The controllers include:

  • A node controller that keeps track of node status and responds if nodes go down.
  • A replication controller that maintains the correct number of pods for every replication controller object in the system.
  • An endpoints controller that populates endpoints.
  • A service account and token controller that creates default accounts and access tokens for new service namespaces.
  • cloud-controller-manager runs controllers that interact with the underlying cloud providers.

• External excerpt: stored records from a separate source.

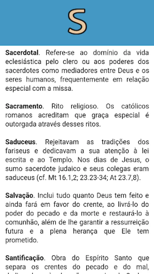 With a simple menu ordered by letters, browsing through theological dictionary is flexible and intuitive. Select the letter you want and access to the list of words in alphabetical order
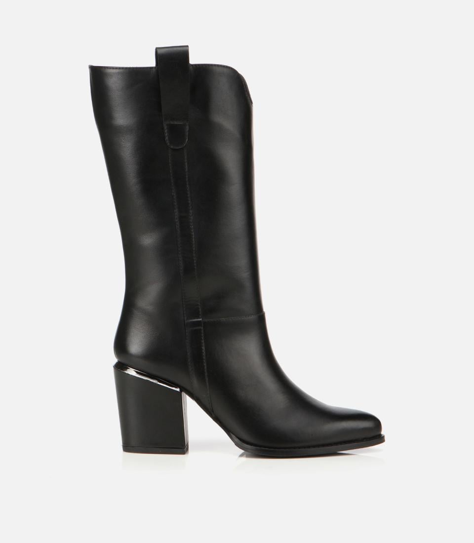 Kadın Deri Siyah Metal Detaylı Topuklu Çizme
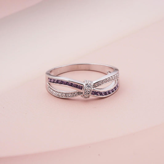 0.25Ct Moissanite & Amethyst Eye Band Ring
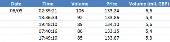 Největší obchody podle objemu na GBPUSD (aktivní future kontrakt):
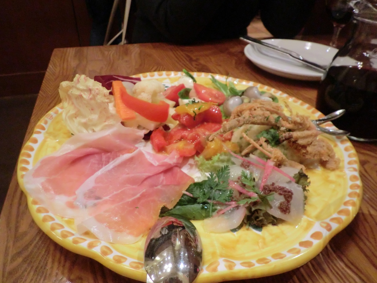 夜は前菜盛り合わせにワインを飲んでピザを食べます。シニアにはメインまでは重すぎますので。- 旅行時期
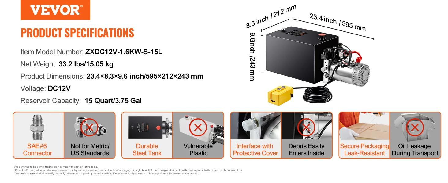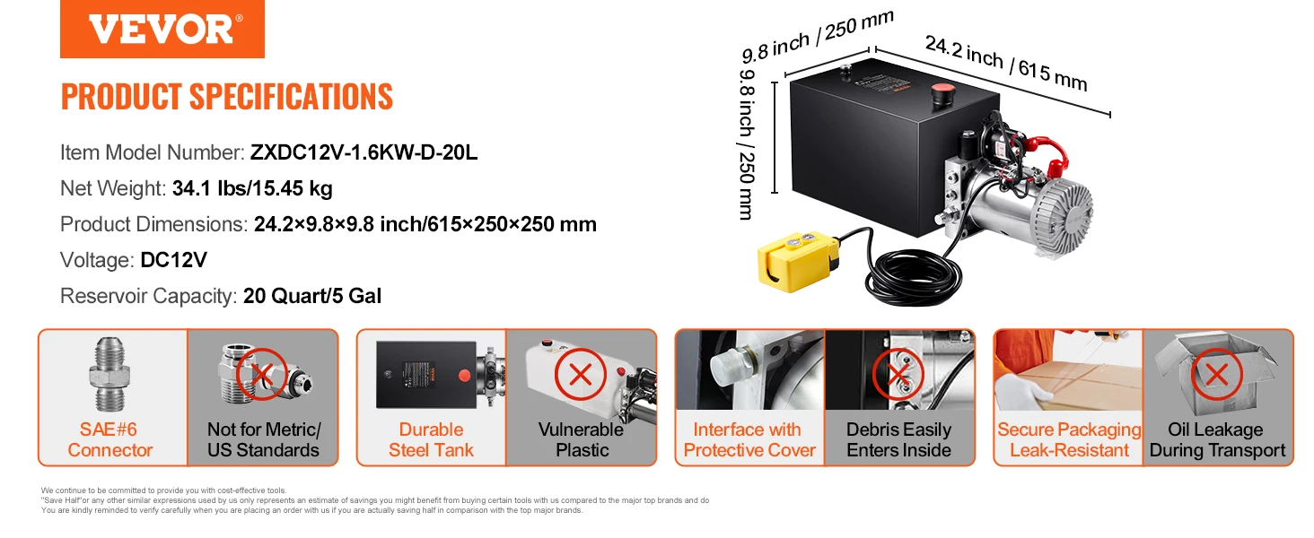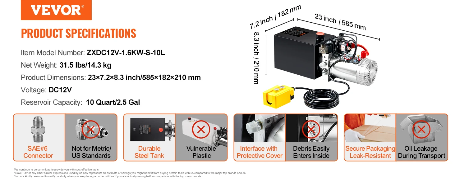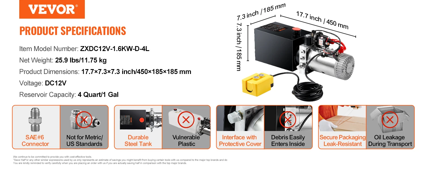 Hassle-free Setup: The 12V hydraulic pump arrives pre-assembled. Add hydraulic oil and connect the power supply and tubing, and you're ready to start. VEVOR hydraulic pump includes an SAE#6 connector, making it compatible with metric and American interfaces for your convenience.
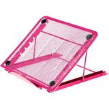Looking for a sleek, lightweight, functional adjustable stand for your iPad, tablet, or laptop? Need an extra sturdy and reliable book stand for your desk? Trying to get rid of issues that can permanently damage your hardware because of a hot laptop? Want to get rid of neck and back pain caused by long hours hunched over your laptop? Look no further than the Halter Ventilated Adjustable Tablet / Laptop and Book Stand. It'll prop up your books and keep your laptop running cooler with its metal mesh ventilated panels and gives you 6 different viewing positions, so you can adjust your foldable book stand to your needs. Features: - Sleek ventilated metal mesh design which keeps your laptop nice and cool. Improve your airflow and guide the heat away from your laptop. - 6 different adjustable viewing positions. Whether you are looking to type something out, read for hours, or sit comfortably and watch a movie, this has you covered. - Anti-Slip feature keeps your laptop in place while protecting any surface it is placed on Dimensions: 9.5"" (left to right) 7.5"" (top to bottom)
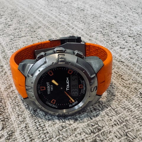 Kuvan kello on ruotsalaisen Åkerfalk-merkin First Season -malli. Se on erottuva 24 tunnin kello, jonka tuntiviisari tekee vain yhden kierroksen vuorokauden aikana. Käytetty kerran. Kellon pahvilaatikkoa ei löytynyt. Musta NATO-ranneke. Nouto Kauklahdesta.
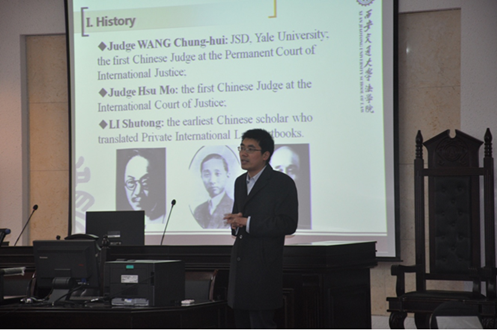 授课活动在华体网页版登录模拟法庭举行。课前,副院长李万强教授、院长助理张生副教授向代表团表示热烈欢迎,并向代表团介绍了我院的历史发展以及学院在科学研究、人才培养、服务社会和对外交流合作方面取得的主要成就,其中特别介绍了我院的“中国法与国际商法”国际法律硕士项目、“中澳丝路班”本科生培养项目以及博士留学生的培养情况。
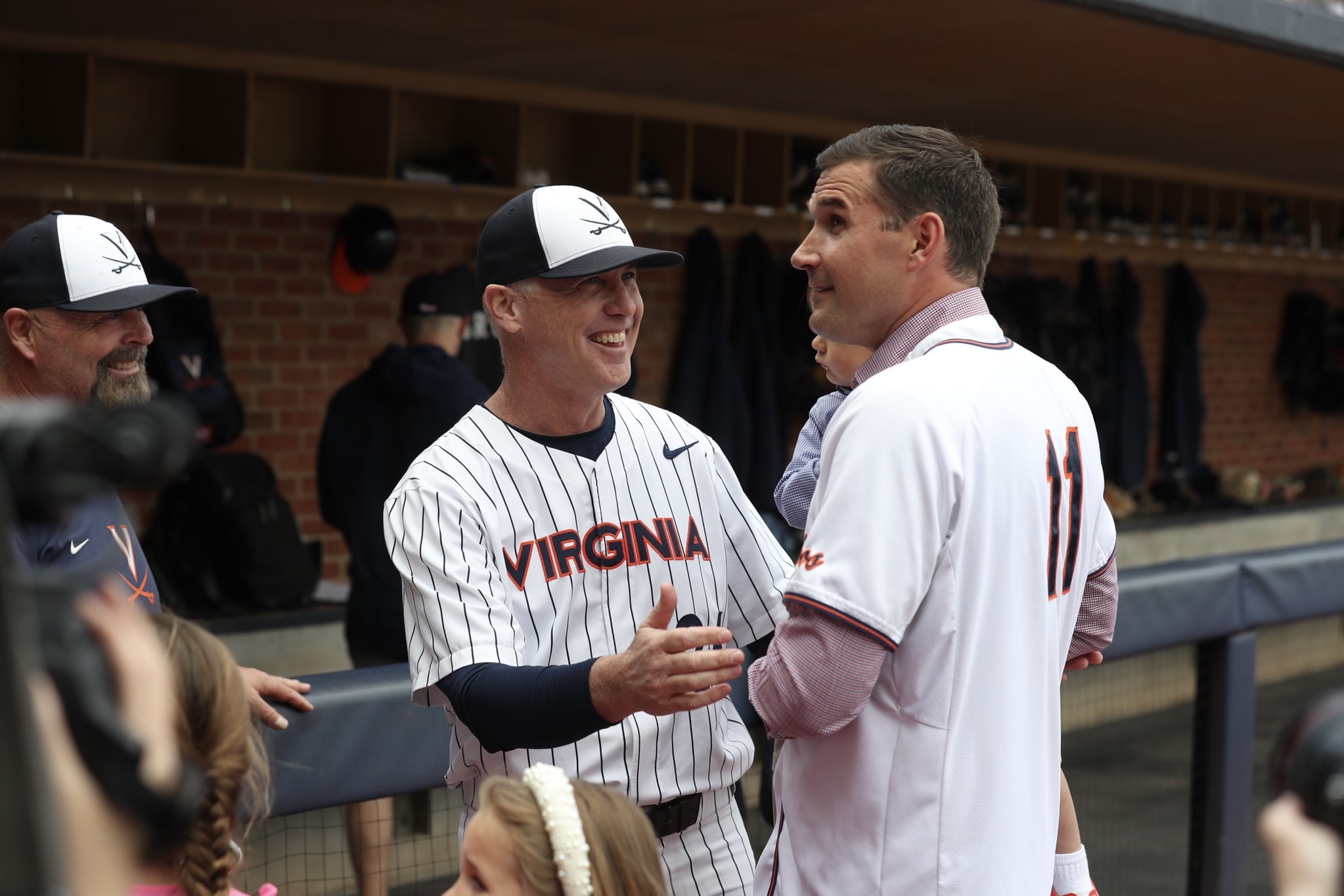 UVA coach Brian O’Connor (left) shares a laugh with Cavalier legend Ryan Zimmerman in the dugout Saturday. (Photos: Matt Riley | UVA Athletics)
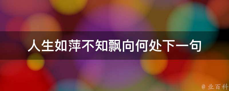 最佳答案人生如萍不知飘向何处下一句是聚散两茫茫。这句话的意思是,人生就像浮萍一样,不知道会飘向何处,也难以预测何时会聚拢或何时会分离,充满了不确定性。这种不确定性也反映了人生的无常和不可预测性。同时,也表达了人生中聚散离合的无常和迷茫,让人感到一种无法掌控和无奈的情绪。
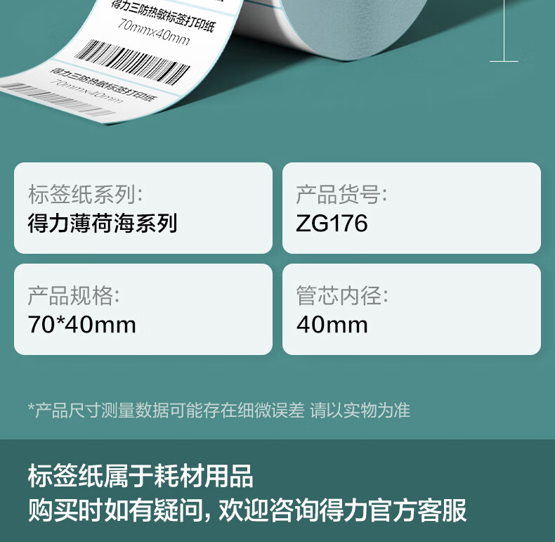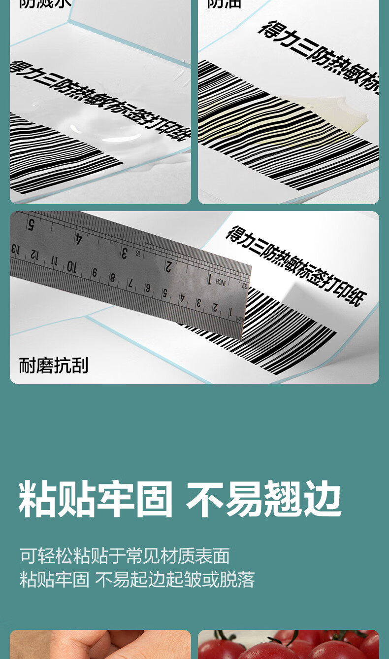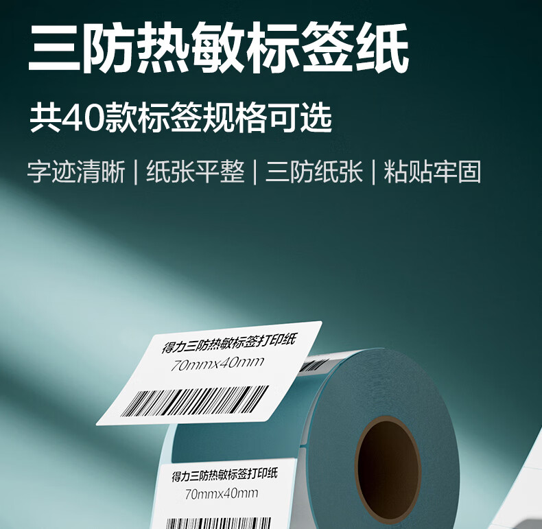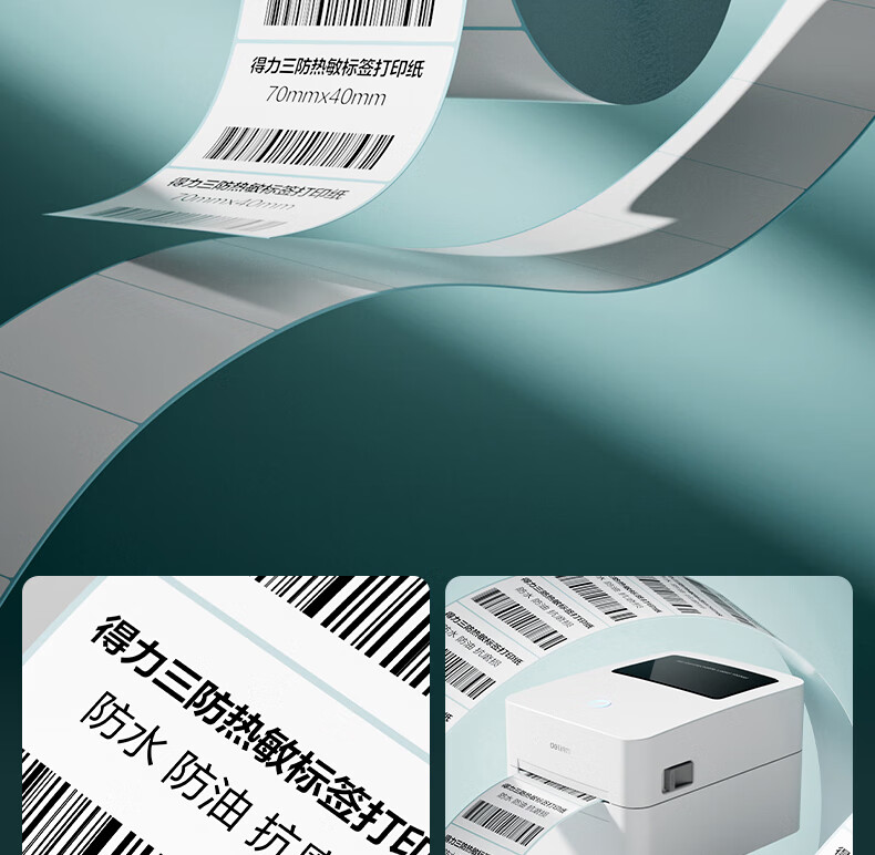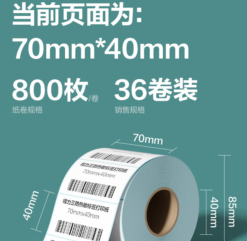 得力(deli)70*40mm 800张*36卷 薄荷海三防热敏标签纸 食品服饰不干胶打印纸 ZG176【适配3寸标签机720C等】

For more information about any of the master components or Kubernetes control plane, see the Kubernetes documentation.

Worker nodes

Worker nodes maintain running pods and provide the runtime environment for the native Kubernetes cluster. Each work node includes the following key components:

  • The kubelet agent runs on each node in the cluster to ensure that the containers created by Kubernetes for a pod are running and in a healthy state.
  • The kube-proxy serves as a network proxy that runs on each node in the cluster to enforce network routing and connection forwarding rules.
  • The Kubernetes container runtime manages any supported type of container, such as Docker or containerd, that runs on the cluster.

Platform service add-ons

The native Kubernetes cluster supports a set of addons. Addons use Kubernetes resources to implement specific cluster-level features. Because they provide cluster-level features, addons are defined in the kube-system namespace.

Konvoy supplements the native Kubernetes cluster by providing a predefined and preconfigured set of addons. Because this predefined set of addons provide critical features for managing a Kubernetes cluster in a production environment, the default set of addons are identified as Konvoy platform services and are a key part of delivering an opinionated Kubernetes solution.